Minnesota is not friendly to home bakers. This is a state where you can't bring homemade cupcakes to school for your child's birthday, everything has to be sealed from the store.
They do not liscense home kitchens, they might do seperate kitchens at the home but I'm not sure on that.
Thanks for the help. This state is so weird. I'm starting to hate it more and more.
You know, that's fine. i'll just keep it low key then.
Didn't you see the sign at the boarder: "Welcome to Minnesota: The State Where Absolutely NOTHING is Allowed!" (GL got it right!!!)
Here we are considered the same as Caterers when it comes to license as we're providing food to events of all sizes and locations here in the state.

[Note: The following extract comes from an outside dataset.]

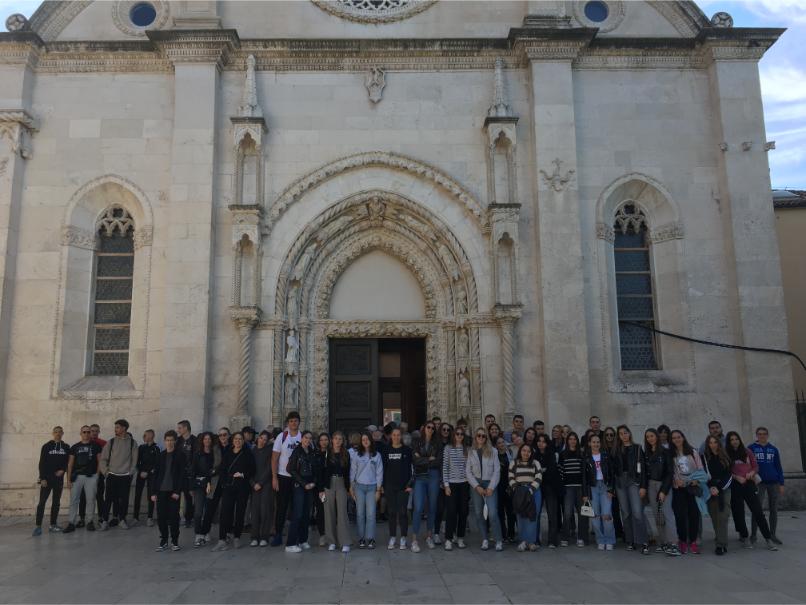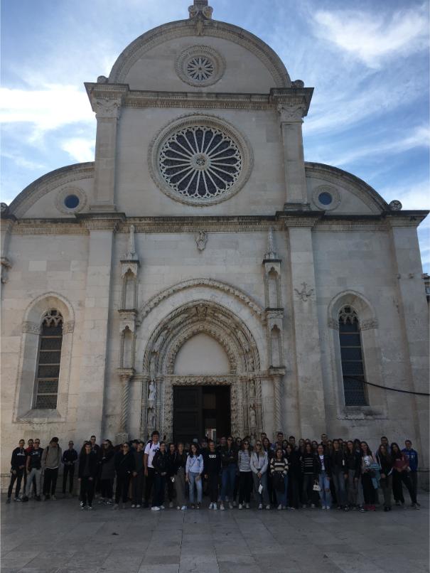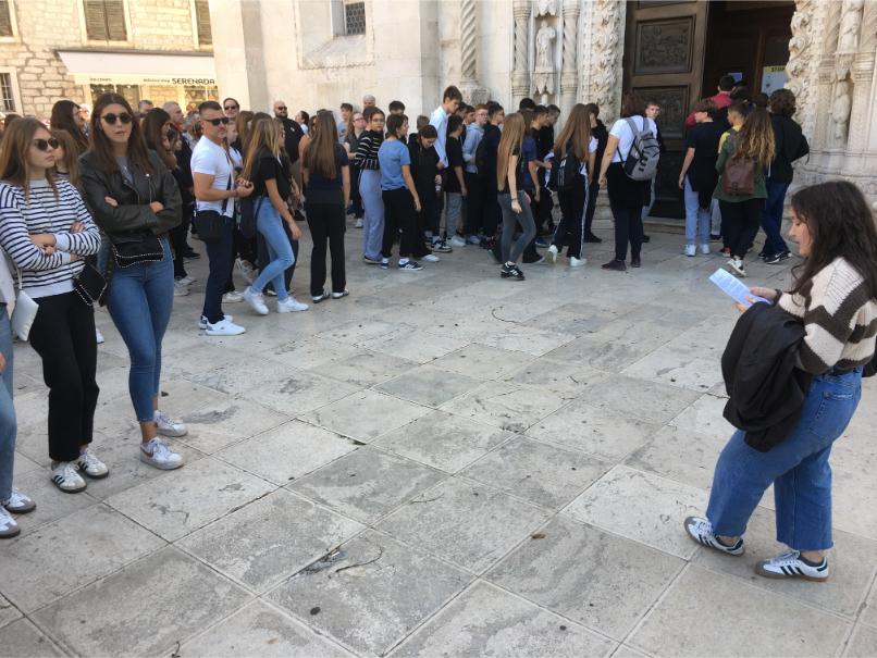 Oko 9 sati stigli smo u Šibenik i uputili se prema katedrali sv. Jakova. Naša »turistička vodička«, Paula Kalcina iz 3.a, s puno nam je entuzijazma podijelila zanimljivosti o ovoj izuzetno važnoj katedrali. Kao pravi vodič, i to pred samom Katedralom, Paula ju je izvrsno opisala kao najznačajnije graditeljsko djelo 15. i 16. st. u Hrvatskoj. Objašnjavala je da je katedrala izgrađena u cijelosti od kamena, bez drvenih elemenata, i da je prva građevina u Europi sagrađena prema principu utorenih ploča. Glavni graditelji katedrale, Juraj Dalmatinac, koji je uveo monumentalne promjene, i Nikola Firentinac, koji je završio gradnju, također su dobili svoje mjesto u njenom izlaganju. Paula je svoje izlaganje završila opisom jedne od najistaknutijih značajki Katedrale, a to je krstionica! Ona predstavlja sintezu kasne gotike i rane renesanse. Za kraj, nadodala je kako je Katedrala poznata po frizu od 74 skulpture glava, što je najbrojnija galerija portreta na sakralnom objektu u Europi.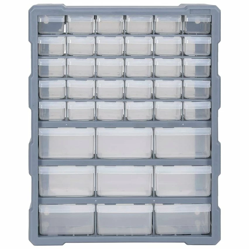 Ce meuble de rangement contient 30 petits tiroirs et 9 tiroirs de taille moyenne pour répondre à vos différents besoins. Il garde vos outils à main et accessoires comme les fixations organisés et à portée de main. L’armoire à outils est fabriquée en plastique résistant aux chocs, qui est à la fois durable et stable. Les tiroirs sont en plastique transparent afin que vous puissiez identifier rapidement le contenu. Cette boîte de bricolage est idéale pour ranger les écrous, les boulons, les vis, les clous, les fixations générales et les composants.

That said, we're required to have a separate kitchen from our house, that doesn't mean you can't have a kitchen that shoots off of your garage, or a separate building on your property, you just can't access it from inside and it has to have its own separate entrance from the outside and all the fun complications of everything needs to be NSF. The hard part is you've got to check with your city/township/county zoning for whether or not you can even do that. The town we moved out of won't even allow you to put a 3-compartment sink IN a house, let alone, let you have a licensed kitchen anywhere other than in a strip mall. We had a garage sale at the old place and the city sent their inspectors out to make sure people weren't selling food at their garage sales for cripes sake (and he GRILLED me because I had two stainless tables out in the garage I had picked up and was using for garage sale stuff - and they haven't been used for food since before I purchased them)
Inspections are done through the Dept. of Ag. and it's a straight forward set of rules you need to follow if you want to advertise. I.e. if you're only doing business by word of mouth (no website/business cards/shows/etc.) then you're governed under a little different food law, but you've got to watch yourself every step of the way to be sure you're following it. You can link up with another business (school, church, food business) that has an operational licensed kitchen to utilize their kitchen space but you still need your own license/inspection. The reason you're covered by the state primarily is that you aren't just baking cakes for delivery in your home town, you're likely going to be delivering them all over. You also need to be certified as a food manager (aka take the ServeSafe Exam and send your $$$ and paperwork into the state) which isn't too difficult. You need to wear hat & gloves, etc. etc. etc.
Overall it's not too difficult to go through the process OTOH, you've got to have your ducks in order. I'm in the process of rebuilding my kitchen space after my IL's business manager decided he didn't want me in the space anymore so I had basically 2 days to evacuate all of my equipment, out of business, and figure out what to do next. We ended up shutting down operations to the public (still will do cakes for family obviously) and have been buying equipment for the new space piece by piece so when the time comes for the final building loan, I've got a lot higher equity in my equipment than what I paid for it because I purchased smart (i.e. $145 for a 2yo Hobart Convection oven at auction which is valued for several thousand), and I've got exactly what I want in the space..
Most of all, the thing to remember is that the state here isn't "out to get you" if you call and want to ask a compliance officer a question, they're there to ensure that food produced in this state is produced in a sanitary environment and that you aren't doing anything to jeopardize public health. I also found my inspector to be incredibly helpful if I ever had any questions and was the first time I ever heard an inspector say "You're being a bit OVER cautious" by how my business practices were for keeping things clean. If you're looking for some good bathroom reading, check out Chapter 4626 of Minnesota Law, that's our food laws, it's only 1500 pages of reading (unless it's increased since this last legislative session), but most of it really is "common sense" when it comes to handling food from purchase through consumption (storage temps, put the eggs/meats below the veggies, etc.). Yes, some of it will scare the heck out of you, but when you delve into it, it all makes sense.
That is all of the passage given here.